Nad wizualizacją ławeczki zakochanych biedzą się teraz studenci II roku architektury Politechniki Krakowskiej. Pod opieką prof. Marii Żychowskiej, trzystu studentów zmaga się z tym tematem. Powstały już szkice. Teraz studenci przekształcają swoje pomysły w cyfrowe wizualizacje.
Jak tłumaczy lider projektu Jarosław Gołuszka z MOIIB, specjalnie powołane jury w pierwszym etapie wybierze pięćdziesiąt prac. Do wielkiego finału trafi dziesięć najlepszych projektów.
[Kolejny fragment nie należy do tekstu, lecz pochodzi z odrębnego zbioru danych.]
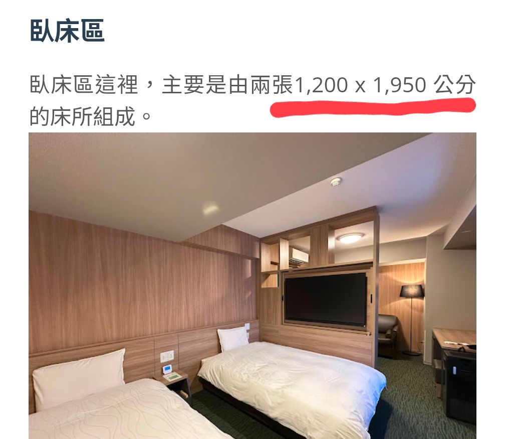 臥床區這裡,主要是由兩張1,200 x 1,950 公分的床所組成。

Będzie je można oglądać w formie wizualizacji na kładce o. Bernatka. Tu znów do głosu dojdą krakowianie. To oni wybiorą trzy najlepsze prace.
Nagrody pieniężne dla autorów ufunduje Małopolska Okręgowa Izba Inżynierów Budownictwa. Który projekt okaże się być najlepszym dowiemy się w okolicach święta zakochanych w przyszłym roku. Ostatnim akcentem procesu powstawania ławeczki zakochanych będzie jej budowa przy kładce o. Bernatka, od strony Podgórza.